Re: Tagalog & trigger idea: I'd like comments. :)
|From:||Sally Caves <scaves@...>|
|Date:||Tuesday, November 16, 2004, 16:08|
----- Original Message -----
From: "B. Garcia" <madyaas@...>
> In reference to Philippine languages all a trigger is is an affix on
> the verb that indicated what part of the sentence is *emphasized* be
> it the one who does the action, who receives it, who it's done for,
> where, what was used to do it. The noun that the verb refers to is
> marked with an affix It does not necessarily change the entire meaning
> (however, various affixes on a verbal root can give that root a
> different flavor, from what I've been able to garner.)

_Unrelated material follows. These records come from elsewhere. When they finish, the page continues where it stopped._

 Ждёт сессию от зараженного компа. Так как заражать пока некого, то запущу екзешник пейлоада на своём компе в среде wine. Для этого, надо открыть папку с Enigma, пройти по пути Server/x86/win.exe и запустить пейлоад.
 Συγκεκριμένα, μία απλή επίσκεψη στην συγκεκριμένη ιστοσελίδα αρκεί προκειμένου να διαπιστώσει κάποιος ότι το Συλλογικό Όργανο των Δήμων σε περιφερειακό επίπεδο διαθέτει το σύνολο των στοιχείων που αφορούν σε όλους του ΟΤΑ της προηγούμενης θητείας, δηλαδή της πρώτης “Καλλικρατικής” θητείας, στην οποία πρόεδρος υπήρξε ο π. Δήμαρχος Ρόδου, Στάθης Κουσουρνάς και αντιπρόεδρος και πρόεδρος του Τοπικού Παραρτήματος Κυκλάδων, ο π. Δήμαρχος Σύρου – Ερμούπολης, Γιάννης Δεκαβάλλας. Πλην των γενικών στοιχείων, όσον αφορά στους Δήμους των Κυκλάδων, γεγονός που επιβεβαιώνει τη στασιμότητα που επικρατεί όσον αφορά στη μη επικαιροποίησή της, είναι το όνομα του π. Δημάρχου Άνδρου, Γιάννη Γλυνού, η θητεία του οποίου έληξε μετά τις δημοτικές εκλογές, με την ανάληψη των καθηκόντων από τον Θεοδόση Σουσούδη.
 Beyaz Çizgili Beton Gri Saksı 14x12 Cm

Can you give an example of the various triggers in a Philippine language? Or
even just a made-up one? I've been trying to understand triggers for years,
but have only seen people describe them in this abstract way.

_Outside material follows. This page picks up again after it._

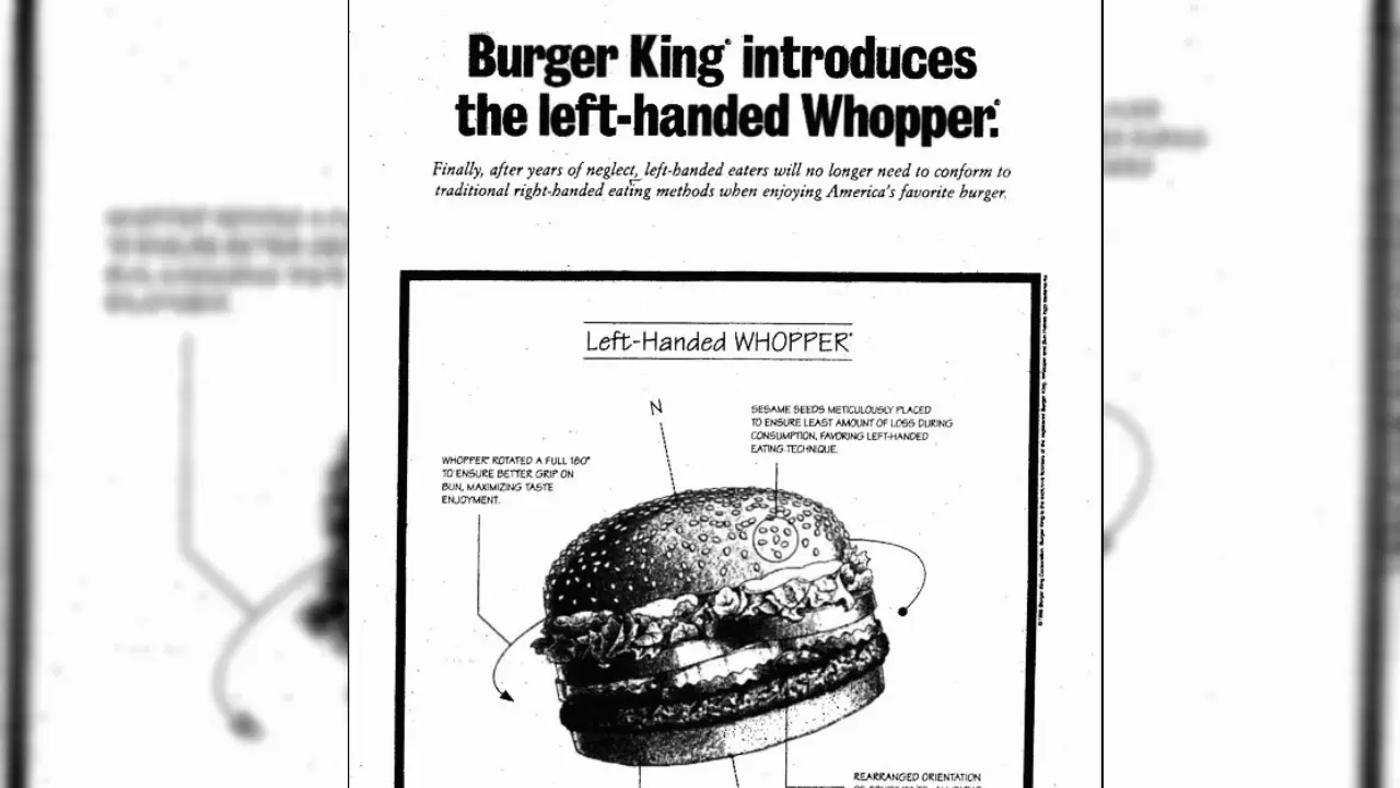 Ünlü fast-food zinciri, ABD genelinde tam sayfa gazete ilanı vererek solaklar için özel tasarlanmış bir burger çıkardığını duyurdu. İddiaya göre içindeki tüm malzemeler 180 derece döndürülmüştü.

For instance, in your above statement you remark that the affix is on the
verb. And then in the next sentence you say it's on the noun. Are there
two affixes? Please show me and Rodlox with an example.

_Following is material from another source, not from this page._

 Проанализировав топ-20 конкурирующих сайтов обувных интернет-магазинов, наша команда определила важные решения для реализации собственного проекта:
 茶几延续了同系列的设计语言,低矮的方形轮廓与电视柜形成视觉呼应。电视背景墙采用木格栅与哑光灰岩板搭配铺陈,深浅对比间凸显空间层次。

I'm thinking something like:
Woman bring water river family bucket.
Now how would a trigger language say:
The woman brings river water to her family in a bucket.
The woman brought river water to her family in a bucket.
The family was brought river water in a bucket by the woman.
River water was brought in a bucket by the woman to her family.
Water from the river was brought in a bucket by the woman to her family.
The river brings water to the woman's family through the use of a bucket.
The family brought water in a bucket from the river to the woman.
A bucket was used to bring river water by the woman to her family.
It is hard to bring the river to a woman's family in a bucket.
Does Tatari Faran have traces of triggerishness? Teoh? You readin' this?